- [WORK REQUEST] Given the entries below, would you transcribe exactly the lines starting at the one with "Home::News & MediaPress" and ending at the one with "2025-12-09 - Columbia, KY", both kept, pictures omitted, nothing extra?

Stored items from a collection:
- - - -

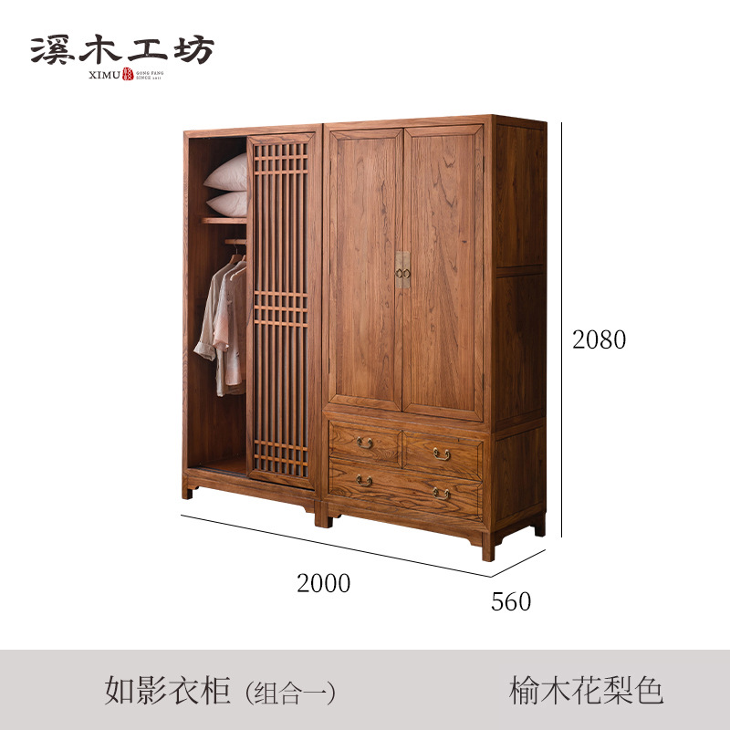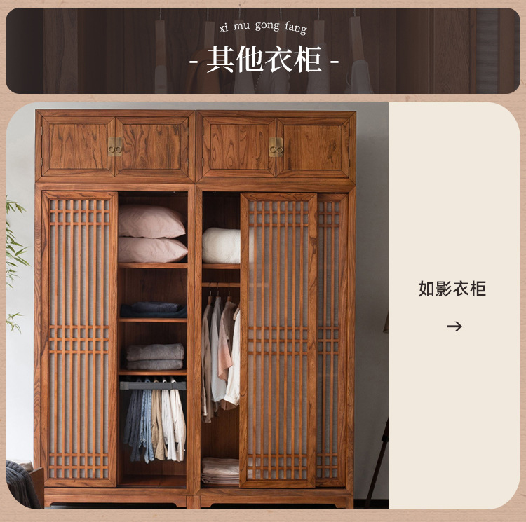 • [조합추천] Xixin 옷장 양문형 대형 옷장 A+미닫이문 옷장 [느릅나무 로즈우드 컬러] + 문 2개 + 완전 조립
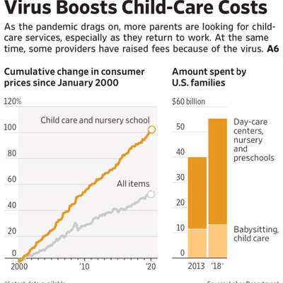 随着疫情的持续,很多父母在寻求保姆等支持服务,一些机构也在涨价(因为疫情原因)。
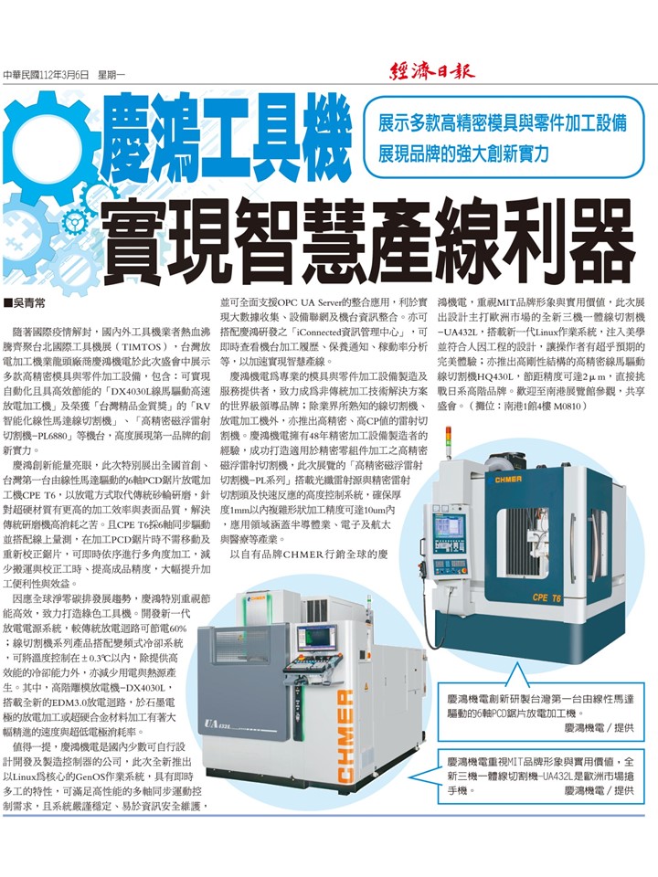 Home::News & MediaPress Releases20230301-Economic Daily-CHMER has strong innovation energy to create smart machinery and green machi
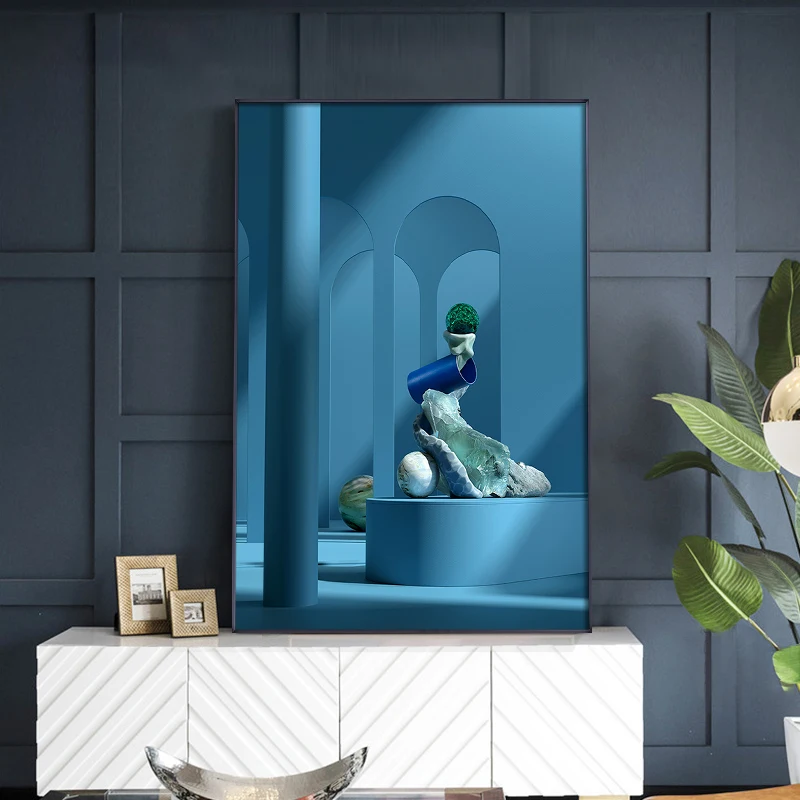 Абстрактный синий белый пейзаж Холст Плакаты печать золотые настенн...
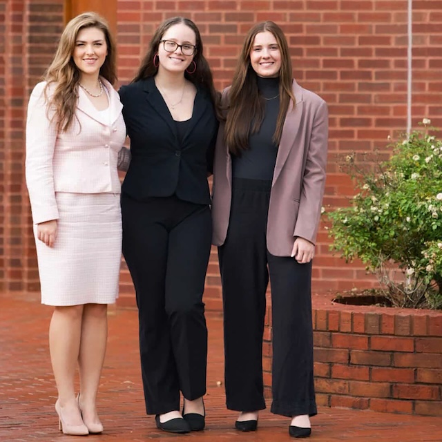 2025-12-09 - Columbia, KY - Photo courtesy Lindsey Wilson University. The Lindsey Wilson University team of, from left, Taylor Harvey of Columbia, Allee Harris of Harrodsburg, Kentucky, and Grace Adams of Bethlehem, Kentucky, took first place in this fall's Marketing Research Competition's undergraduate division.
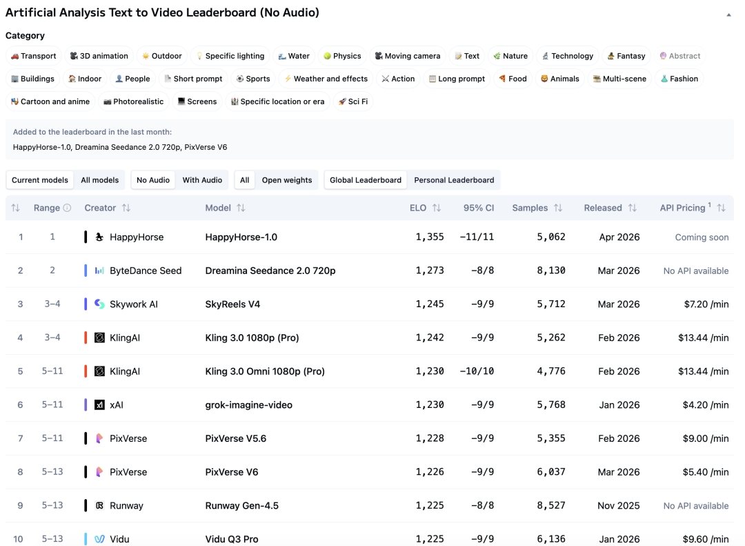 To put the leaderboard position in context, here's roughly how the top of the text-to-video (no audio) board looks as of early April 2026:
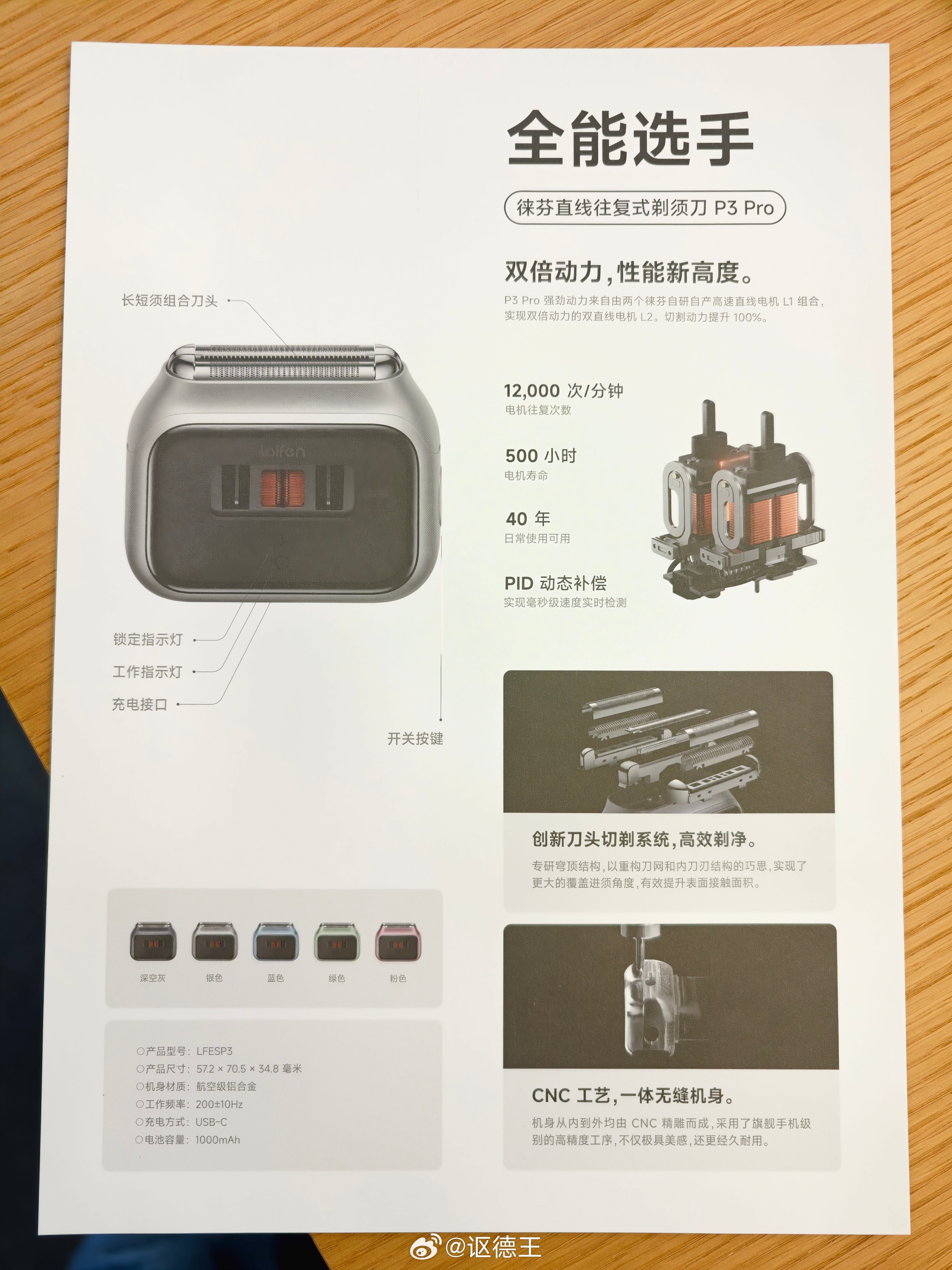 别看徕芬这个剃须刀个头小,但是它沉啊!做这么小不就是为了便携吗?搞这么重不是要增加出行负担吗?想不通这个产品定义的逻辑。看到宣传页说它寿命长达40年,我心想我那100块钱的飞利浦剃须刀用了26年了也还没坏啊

- - - -

- [WRITTEN ANSWER]
 Home::News & MediaPress Releases20230301-Economic Daily-CHMER has strong innovation energy to create smart machinery and green machi
 Абстрактный синий белый пейзаж Холст Плакаты печать золотые настенн...
 2025-12-09 - Columbia, KY - Photo courtesy Lindsey Wilson University. The Lindsey Wilson University team of, from left, Taylor Harvey of Columbia, Allee Harris of Harrodsburg, Kentucky, and Grace Adams of Bethlehem, Kentucky, took first place in this fall's Marketing Research Competition's undergraduate division.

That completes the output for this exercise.